AUTHOR=Song Zeyuan , Gunn Sophia , Monti Stefano , Peloso Gina M. , Liu Ching-Ti , Lunetta Kathryn , Sebastiani Paola 

TITLE=Learning Gaussian graphical models from correlated data

JOURNAL=Frontiers in Systems Biology

VOLUME=Volume 5 - 2025

YEAR=2025

URL=https://www.frontiersin.org/journals/systems-biology/articles/10.3389/fsysb.2025.1589079

DOI=10.3389/fsysb.2025.1589079

ISSN=2674-0702

ABSTRACT=Gaussian Graphical Models (GGMs) are a type of network modeling that uses partial correlation rather than correlation for representing complex relationships among multiple variables. The advantage of using partial correlation is to show the relation between two variables after “adjusting” for the effects of other variables and leads to more parsimonious and interpretable models. There are well established procedures to build GGMs from a sample of independent and identical distributed observations. However, many studies include clustered and longitudinal data that result in correlated observations and ignoring this correlation among observations can lead to inflated Type I error. In this paper, we propose a cluster-based bootstrap algorithm to infer GGMs from correlated data.
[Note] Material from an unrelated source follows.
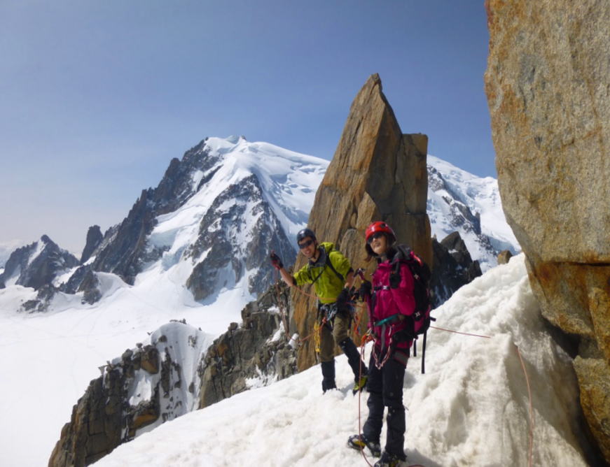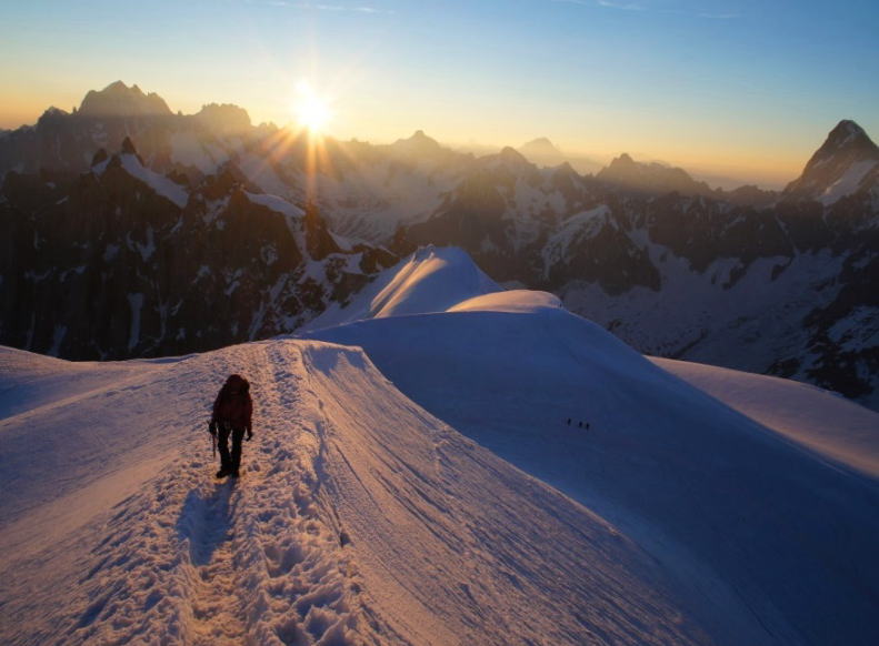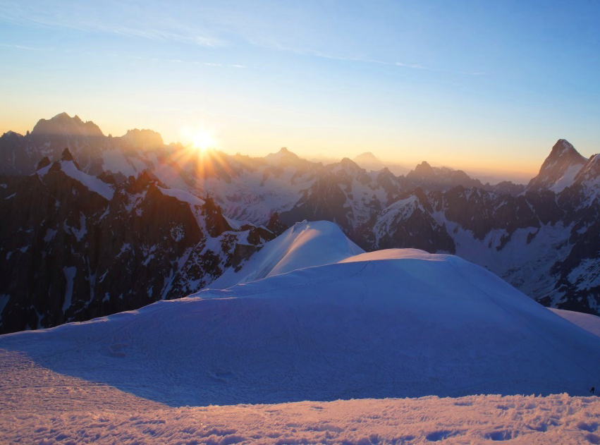 | 7/16 折角だから夜明けのアルプスを堪能して、なお且つシャモニで朝食を摂ろう! というわけで暗いうちにコスミク小屋を出発。 昨日登った壁の基部で記念撮影して、クレバスに注意しつつミディのピークに上がる手前で日の出を迎える。 それはそれは素晴らしい光景で、コスミク小屋に泊まる判断は正解だった! と結果論の自画自賛(^^) シャモニでのんびり朝食を堪能して、あとはお買いものタイムに突入。 |

We use extensive simulations of correlated data from family-based studies to show that the proposed bootstrap method does not inflate the Type I error while retaining statistical power compared to alternative solutions when there are sufficient number of clusters. We apply our method to learn the Gaussian Graphic Model that represents complex relations between 47 Polygenic Risk Scores generated using genome-wide genotype data from the Long Life Family Study. By comparing it to the conventional methods that ignore within-cluster correlation, we show that our method controls the Type I error well without power loss.